DATA PROVIDED —
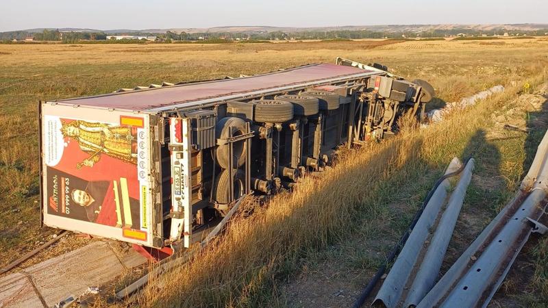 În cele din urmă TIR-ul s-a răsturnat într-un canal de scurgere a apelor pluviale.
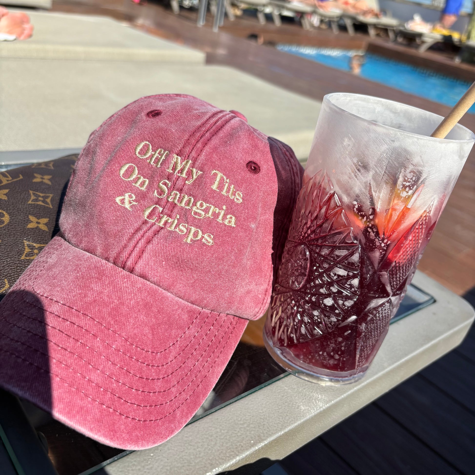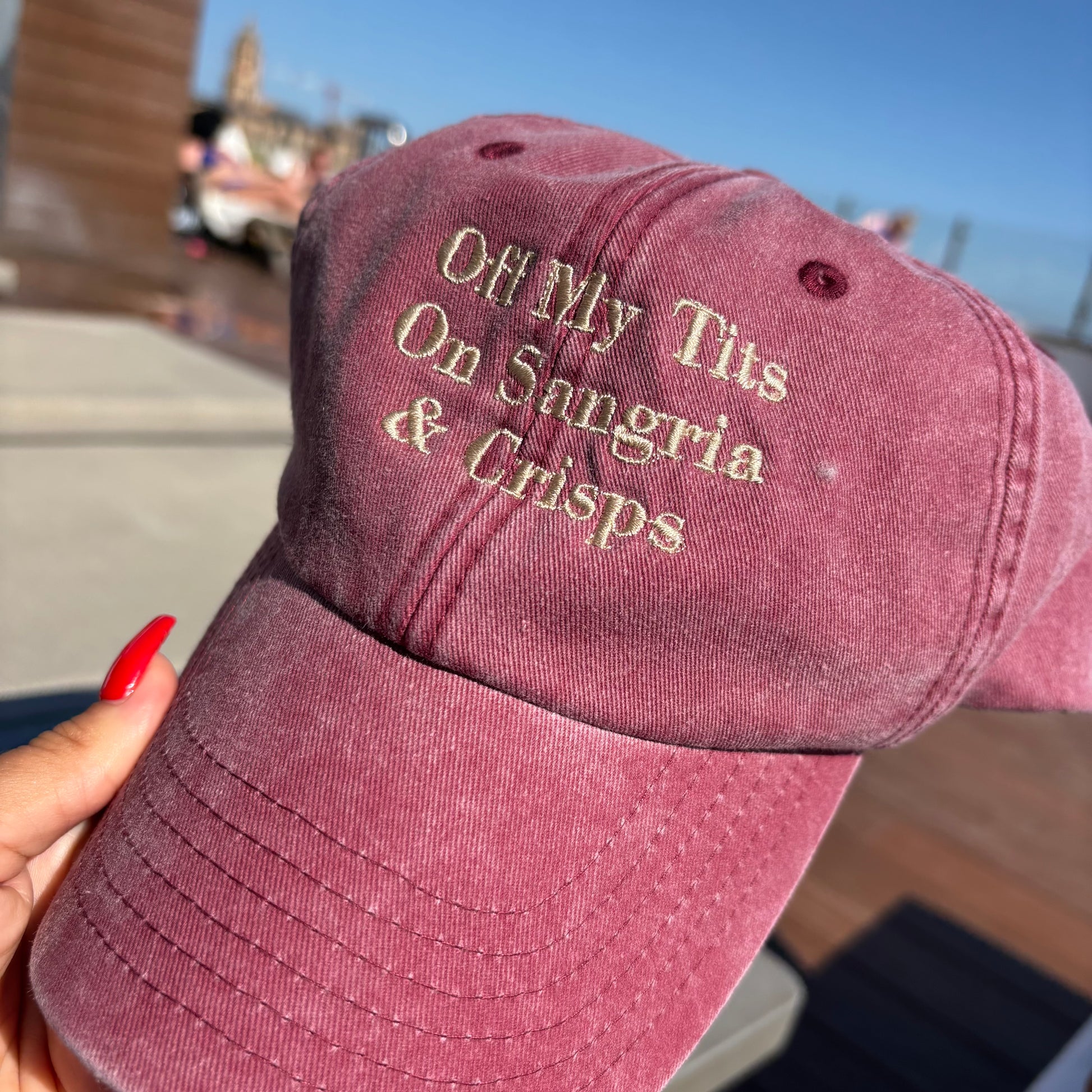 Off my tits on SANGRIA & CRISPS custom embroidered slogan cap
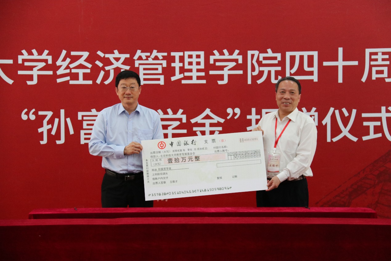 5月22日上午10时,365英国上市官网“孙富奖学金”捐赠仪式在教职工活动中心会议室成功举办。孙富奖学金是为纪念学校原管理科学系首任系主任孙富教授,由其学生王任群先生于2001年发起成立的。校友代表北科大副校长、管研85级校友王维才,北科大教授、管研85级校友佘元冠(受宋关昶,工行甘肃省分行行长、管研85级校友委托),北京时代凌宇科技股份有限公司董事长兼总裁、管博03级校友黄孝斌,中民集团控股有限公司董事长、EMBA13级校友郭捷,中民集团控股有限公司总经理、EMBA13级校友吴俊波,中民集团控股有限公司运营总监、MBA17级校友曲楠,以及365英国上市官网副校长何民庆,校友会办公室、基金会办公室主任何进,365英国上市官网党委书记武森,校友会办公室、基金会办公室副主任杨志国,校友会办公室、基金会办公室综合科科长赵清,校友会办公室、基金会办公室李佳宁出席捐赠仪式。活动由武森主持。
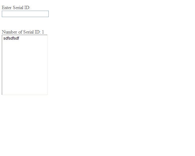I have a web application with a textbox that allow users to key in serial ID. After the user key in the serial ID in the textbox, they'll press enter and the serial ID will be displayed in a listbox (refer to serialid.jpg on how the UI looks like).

WHAT THE EXERCISE ASKS — Any images must be dropped; all other material is to be printed exactly.

OUTPUT FOR THIS EXERCISE —
 În cele din urmă TIR-ul s-a răsturnat într-un canal de scurgere a apelor pluviale.
 Off my tits on SANGRIA & CRISPS custom embroidered slogan cap
 5月22日上午10时,365英国上市官网“孙富奖学金”捐赠仪式在教职工活动中心会议室成功举办。孙富奖学金是为纪念学校原管理科学系首任系主任孙富教授,由其学生王任群先生于2001年发起成立的。校友代表北科大副校长、管研85级校友王维才,北科大教授、管研85级校友佘元冠(受宋关昶,工行甘肃省分行行长、管研85级校友委托),北京时代凌宇科技股份有限公司董事长兼总裁、管博03级校友黄孝斌,中民集团控股有限公司董事长、EMBA13级校友郭捷,中民集团控股有限公司总经理、EMBA13级校友吴俊波,中民集团控股有限公司运营总监、MBA17级校友曲楠,以及365英国上市官网副校长何民庆,校友会办公室、基金会办公室主任何进,365英国上市官网党委书记武森,校友会办公室、基金会办公室副主任杨志国,校友会办公室、基金会办公室综合科科长赵清,校友会办公室、基金会办公室李佳宁出席捐赠仪式。活动由武森主持。
I have a web application with a textbox that allow users to key in serial ID. After the user key in the serial ID in the textbox, they'll press enter and the serial ID will be displayed in a listbox (refer to serialid.jpg on how the UI looks like).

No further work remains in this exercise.